**Source records:**
-------------------------

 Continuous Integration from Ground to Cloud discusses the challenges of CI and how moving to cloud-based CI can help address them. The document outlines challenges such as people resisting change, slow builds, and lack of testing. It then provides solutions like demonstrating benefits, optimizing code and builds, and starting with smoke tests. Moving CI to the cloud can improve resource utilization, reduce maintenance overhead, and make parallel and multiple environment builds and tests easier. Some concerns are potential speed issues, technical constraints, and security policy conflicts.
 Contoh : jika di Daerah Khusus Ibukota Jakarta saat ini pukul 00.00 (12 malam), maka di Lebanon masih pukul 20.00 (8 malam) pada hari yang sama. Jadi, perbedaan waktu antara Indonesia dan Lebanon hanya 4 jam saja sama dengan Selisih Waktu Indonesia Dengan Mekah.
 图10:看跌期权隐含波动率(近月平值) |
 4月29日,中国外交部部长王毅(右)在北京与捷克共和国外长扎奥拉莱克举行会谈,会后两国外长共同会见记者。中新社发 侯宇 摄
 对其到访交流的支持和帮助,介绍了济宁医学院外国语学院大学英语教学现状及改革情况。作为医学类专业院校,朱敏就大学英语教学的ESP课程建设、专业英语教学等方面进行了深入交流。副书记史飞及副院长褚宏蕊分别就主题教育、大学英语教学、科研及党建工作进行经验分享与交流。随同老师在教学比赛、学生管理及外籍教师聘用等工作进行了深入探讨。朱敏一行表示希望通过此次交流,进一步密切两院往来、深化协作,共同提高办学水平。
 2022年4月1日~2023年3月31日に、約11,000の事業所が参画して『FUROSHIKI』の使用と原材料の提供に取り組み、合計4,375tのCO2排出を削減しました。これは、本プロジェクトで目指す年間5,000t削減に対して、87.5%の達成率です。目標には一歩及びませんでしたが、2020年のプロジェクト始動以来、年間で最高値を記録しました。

-------------------------

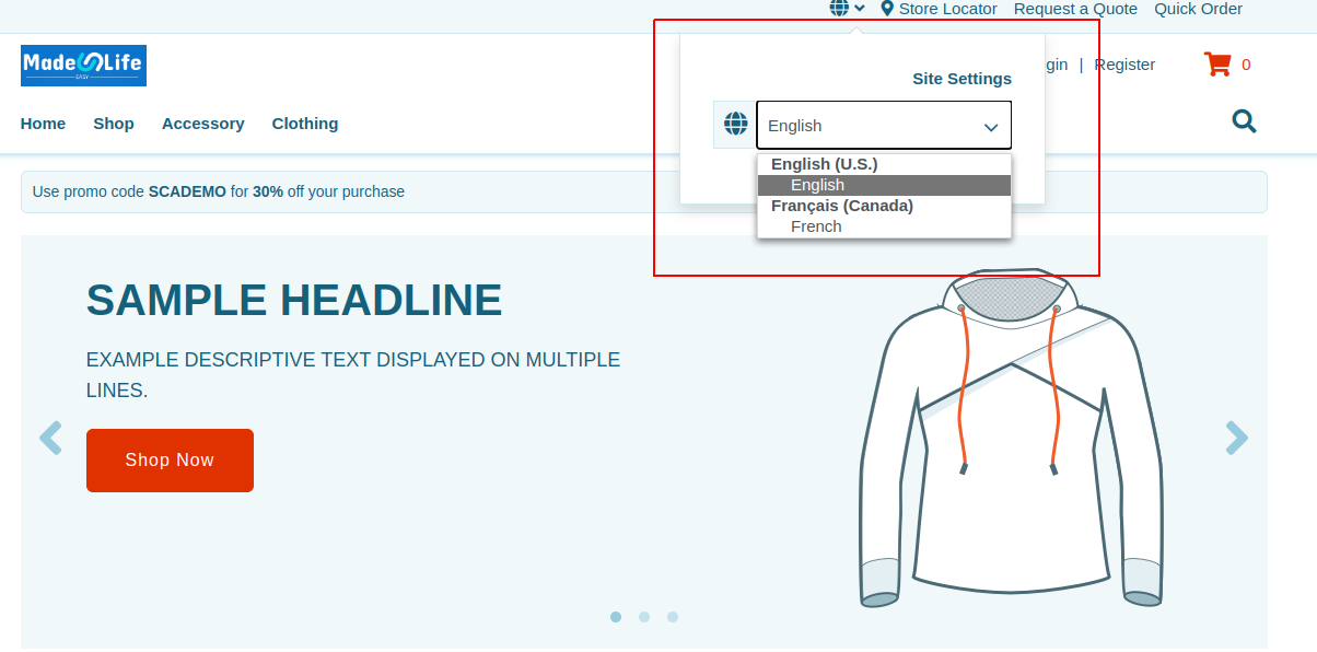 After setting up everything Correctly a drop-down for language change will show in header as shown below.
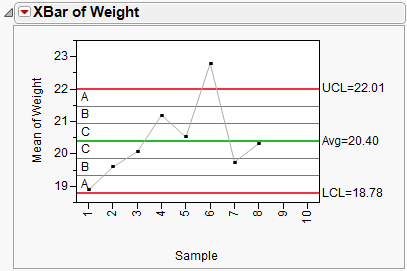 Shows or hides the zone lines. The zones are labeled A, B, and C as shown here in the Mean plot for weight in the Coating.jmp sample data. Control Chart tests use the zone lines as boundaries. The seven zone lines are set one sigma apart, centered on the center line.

-------------------------

**Exercise prompt:**
Your task for the entries above: copy exactly the span starting with the line with "对其到访交流的支持和帮助,介" and going on through the line with "2022年4月1日~2023", both lines included, and nothing else.

**Task output:**
 对其到访交流的支持和帮助,介绍了济宁医学院外国语学院大学英语教学现状及改革情况。作为医学类专业院校,朱敏就大学英语教学的ESP课程建设、专业英语教学等方面进行了深入交流。副书记史飞及副院长褚宏蕊分别就主题教育、大学英语教学、科研及党建工作进行经验分享与交流。随同老师在教学比赛、学生管理及外籍教师聘用等工作进行了深入探讨。朱敏一行表示希望通过此次交流,进一步密切两院往来、深化协作,共同提高办学水平。
 2022年4月1日~2023年3月31日に、約11,000の事業所が参画して『FUROSHIKI』の使用と原材料の提供に取り組み、合計4,375tのCO2排出を削減しました。これは、本プロジェクトで目指す年間5,000t削減に対して、87.5%の達成率です。目標には一歩及びませんでしたが、2020年のプロジェクト始動以来、年間で最高値を記録しました。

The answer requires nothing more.